Art. 1º Definir os critérios para obrigatoriedade da medição e do automonitoramento do uso da água pelos usuários regularizados em corpos de domínio do Estado.

Art. 2º Para os efeitos desta Resolução, considera-se:

I - automonitoramento: processo completo de monitoramento (medir, registrar e armazenar os dados de captação, lançamento e qualidade da água) e de declaração (processar e transmitir os dados ao Naturatins) realizado pelo usuário de água (usuário) por interferência regularizada;

II - captação: a retirada de parcela de água existente em um corpo hídrico, para consumo final ou insumo de processo produtivo;

III - DBO 5,20 - demanda bioquímica de oxigênio, ou quantidade de oxigênio consumido, durante 5 (cinco) dias a uma temperatura de 20ºC;

IV - Declaração de Uso de Recursos Hídricos - DURH: processo eletrônico de informar os volumes captados (DURH-captação) , ou os volumes lançados e a qualidade da água (DURH-lançamento) , resultantes do automonitoramento executado pelos usuários por interferência regularizada, de forma voluntária ou por obrigação normativa;

V - empreendimento: organização pertencente a um usuário com uma ou mais interferências no Cadastro Nacional de Usuários de Recursos Hídricos - CNARH ou sistema de banco de dados estadual de usuários de água;

VI - Horímetro: instrumento de medição (analógico ou digital) utilizado para registrar o tempo de funcionamento de um equipamento, medido em horas ou frações de horas.

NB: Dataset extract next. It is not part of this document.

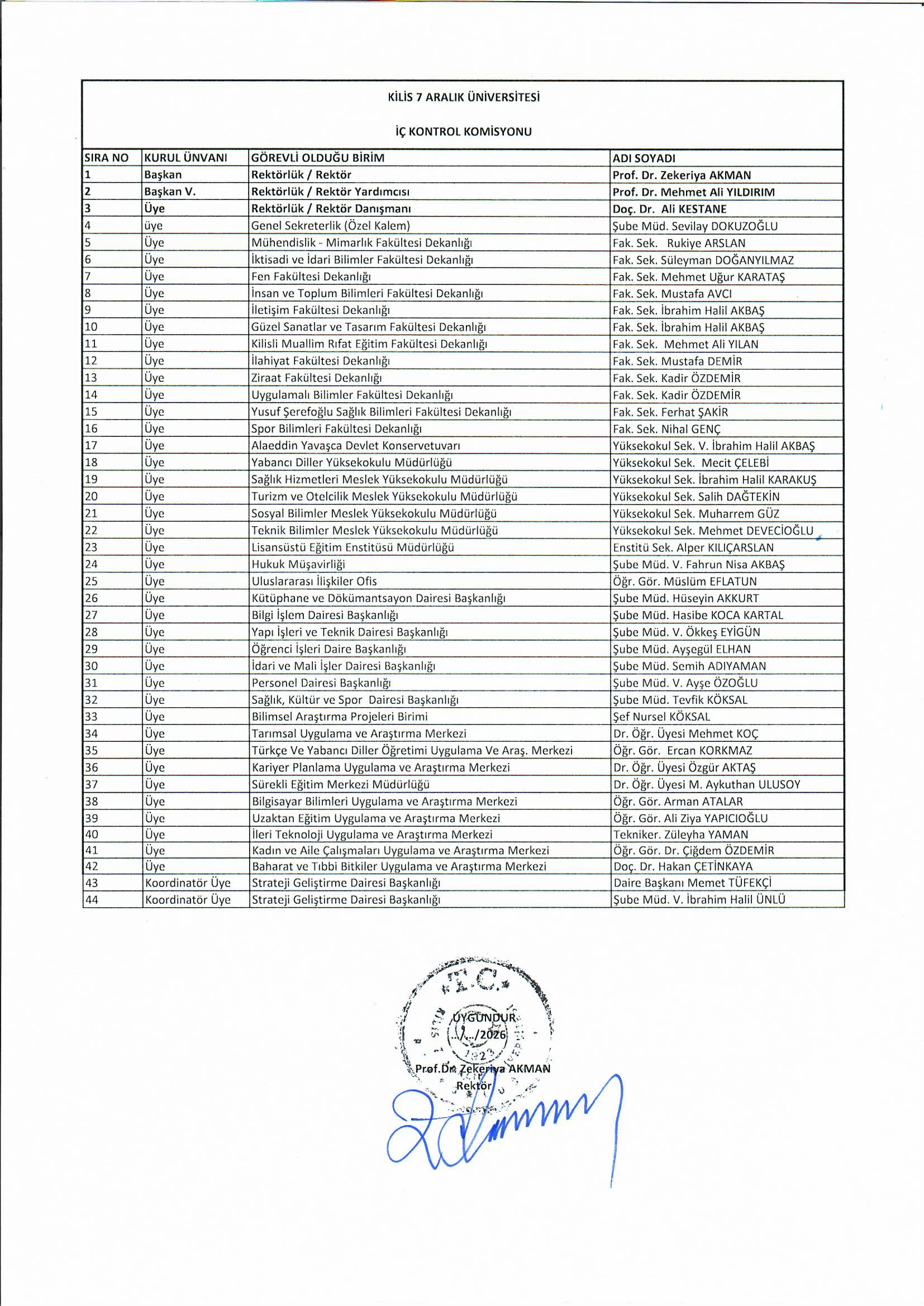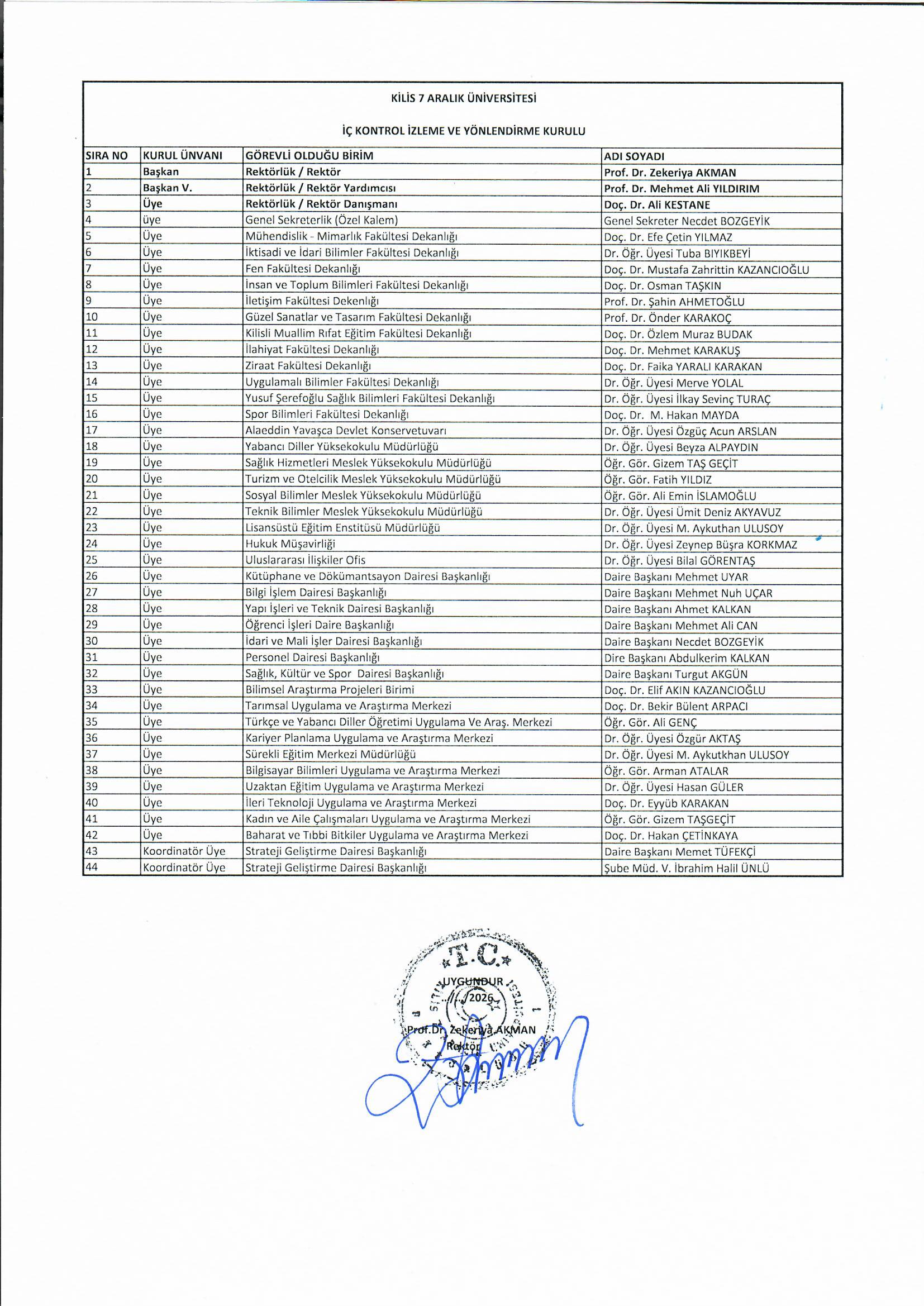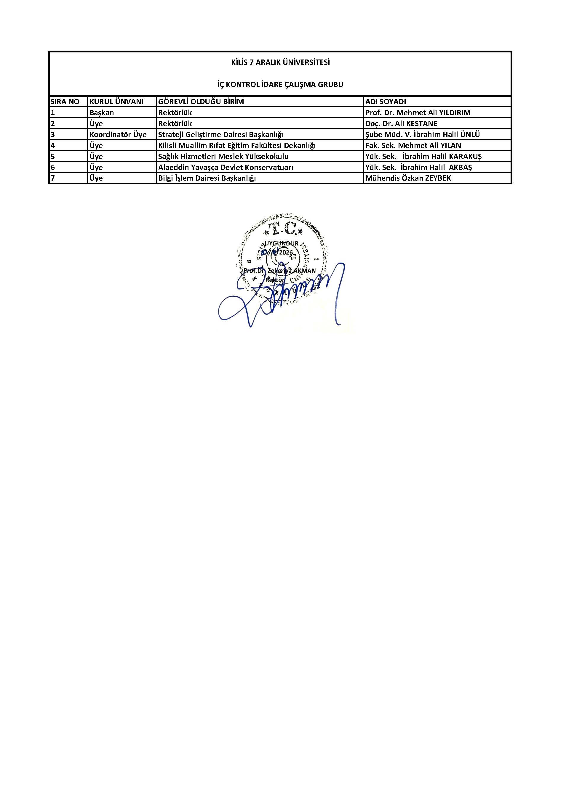 Üniversitemiz Senatosunun 02.09.2021 tarih ve 20 nolu toplantısında; Üniversitemiz “İç Kontrol Sistemi Yönergesi” kabul edilmiş olup, Strateji Geliştirme Daire Başkanlığı Koordinatörlüğünce Üniversitemiz “İç Kontrol İzleme ve Yönlendirme Kurulu, İç Kontrol Komisyonu ve İç Kontrol İdare Çalışma Grubu” oluşturulmuştur. 20.01.2026 tarihinde İç Kontrol İzleme ve Yönlendirme Kurulu, İç Kontrol Komisyonu ve İç Kontrol İdare Çalışma Grubu güncellenerek; Rektörümüz Prof. Dr. Zekeriya AKMAN tarafından onaylanmıştır.

VII - interferência: ponto regularizado de captação ou de lançamento de água ou efluente, formado por um ou por conjunto de equipamentos e instalações, em fase de projeto ou operação;

VIII - lançamento: o despejo de efluentes e demais resíduos líquidos ou gasosos, diretamente lançados, tratados ou não, com o fim de diluição, transporte ou disposição, de qualquer fonte poluidora em um corpo hídrico;

IX - monitoramento de qualidade: o registro da qualidade do efluente lançado obtido por meio da análise da DBO 5,20 e/ou do fósforo total;

X - monitoramento direto: o registro dos volumes de captação e/ou lançamento obtido por meio de medição que inclua pelo menos um dos seguintes parâmetros: velocidade do fluxo, vazão, volume ou nível;

XI - monitoramento indireto: o registro dos volumes de captação e/ou lançamento obtido por meio de outras medições indiretas ou estimativas, desde que inclua a medição do tempo de funcionamento do sistema;

XII - monitoramento por telemetria (telemetria) : monitoramento automático realizado por um sistema de medição autônomo, com transmissão remota dos dados compatível com o sistema de gestão e controle do Naturatins;

XIII - sistema de medição: o conjunto de instalações, equipamentos, acessórios, instrumentos e dispositivos que registra e permite o monitoramento dos volumes retirados e lançados em um corpo hídrico; ou o método de medição de vazões, velocidade do fluxo ou nível com eficiência técnica devidamente comprovada;

XIV - usuário de água (usuário) : pessoa física ou jurídica, de direito público ou privado, responsável por empreendimento com um ou mais tipos de interferências, titular de cadastro ou de outorga(s) de direito de uso para captar parcela da água, lançar efluentes ou implantar interferência em um corpo de água de domínio do estado;

XV - sistema de captação: todo equipamento ou conjunto de equipamentos, fixos ou móveis, obra hidráulica ou canal, destinados à retirada de água de corpos hídricos, por gravidade ou compreendendo bombas, motores, conjuntos motobomba e demais dispositivos associados, independentemente da potência instalada ou da forma de acionamento.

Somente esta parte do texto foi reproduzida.